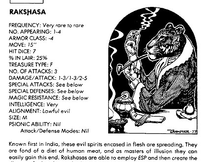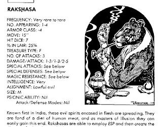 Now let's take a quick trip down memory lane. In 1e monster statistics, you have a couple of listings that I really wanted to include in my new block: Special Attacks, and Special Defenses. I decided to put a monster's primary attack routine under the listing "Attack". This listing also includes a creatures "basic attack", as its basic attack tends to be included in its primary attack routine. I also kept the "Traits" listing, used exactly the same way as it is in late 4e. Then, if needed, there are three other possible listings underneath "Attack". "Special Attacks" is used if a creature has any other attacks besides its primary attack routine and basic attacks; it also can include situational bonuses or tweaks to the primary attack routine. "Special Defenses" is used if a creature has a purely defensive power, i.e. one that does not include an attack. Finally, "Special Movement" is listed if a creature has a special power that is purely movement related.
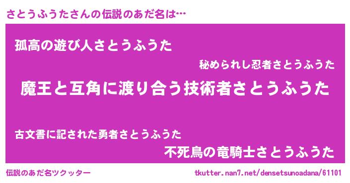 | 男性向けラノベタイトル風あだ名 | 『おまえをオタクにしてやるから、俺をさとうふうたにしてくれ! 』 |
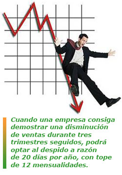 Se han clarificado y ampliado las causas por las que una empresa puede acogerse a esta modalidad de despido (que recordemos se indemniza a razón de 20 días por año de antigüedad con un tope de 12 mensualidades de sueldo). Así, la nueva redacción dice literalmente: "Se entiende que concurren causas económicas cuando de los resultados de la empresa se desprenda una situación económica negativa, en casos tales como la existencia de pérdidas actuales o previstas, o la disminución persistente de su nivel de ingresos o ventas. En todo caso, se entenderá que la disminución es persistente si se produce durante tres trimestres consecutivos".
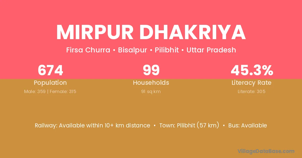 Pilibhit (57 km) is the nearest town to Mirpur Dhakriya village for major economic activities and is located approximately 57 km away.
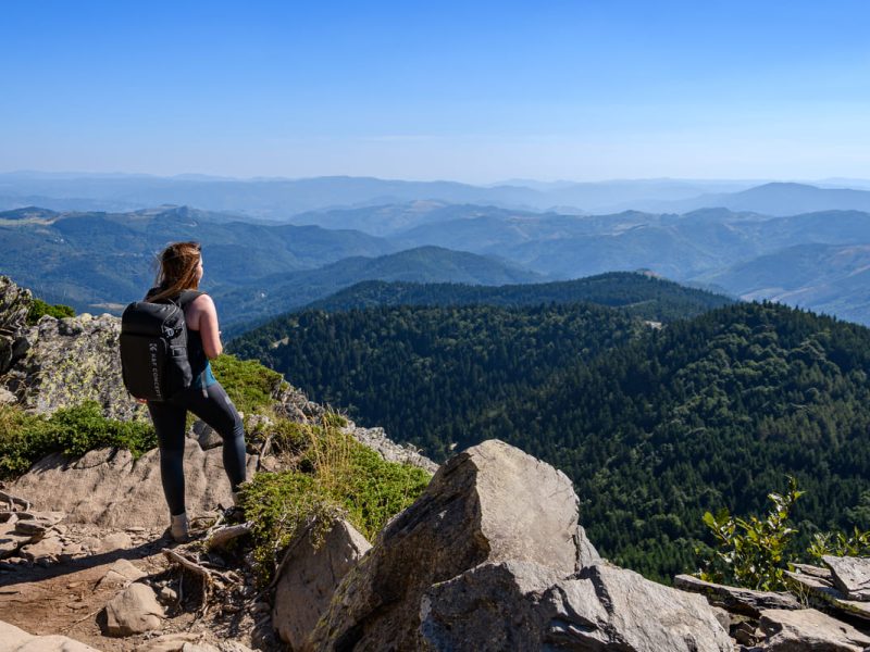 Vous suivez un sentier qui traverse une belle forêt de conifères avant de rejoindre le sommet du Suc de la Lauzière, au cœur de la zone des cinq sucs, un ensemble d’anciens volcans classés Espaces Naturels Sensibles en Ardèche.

Task statement: The entries above are to be returned exactly, without their pictures.

Task output:
 Now let's take a quick trip down memory lane. In 1e monster statistics, you have a couple of listings that I really wanted to include in my new block: Special Attacks, and Special Defenses. I decided to put a monster's primary attack routine under the listing "Attack". This listing also includes a creatures "basic attack", as its basic attack tends to be included in its primary attack routine. I also kept the "Traits" listing, used exactly the same way as it is in late 4e. Then, if needed, there are three other possible listings underneath "Attack". "Special Attacks" is used if a creature has any other attacks besides its primary attack routine and basic attacks; it also can include situational bonuses or tweaks to the primary attack routine. "Special Defenses" is used if a creature has a purely defensive power, i.e. one that does not include an attack. Finally, "Special Movement" is listed if a creature has a special power that is purely movement related.
 | 男性向けラノベタイトル風あだ名 | 『おまえをオタクにしてやるから、俺をさとうふうたにしてくれ! 』 |
 Se han clarificado y ampliado las causas por las que una empresa puede acogerse a esta modalidad de despido (que recordemos se indemniza a razón de 20 días por año de antigüedad con un tope de 12 mensualidades de sueldo). Así, la nueva redacción dice literalmente: "Se entiende que concurren causas económicas cuando de los resultados de la empresa se desprenda una situación económica negativa, en casos tales como la existencia de pérdidas actuales o previstas, o la disminución persistente de su nivel de ingresos o ventas. En todo caso, se entenderá que la disminución es persistente si se produce durante tres trimestres consecutivos".
 Pilibhit (57 km) is the nearest town to Mirpur Dhakriya village for major economic activities and is located approximately 57 km away.
 Vous suivez un sentier qui traverse une belle forêt de conifères avant de rejoindre le sommet du Suc de la Lauzière, au cœur de la zone des cinq sucs, un ensemble d’anciens volcans classés Espaces Naturels Sensibles en Ardèche.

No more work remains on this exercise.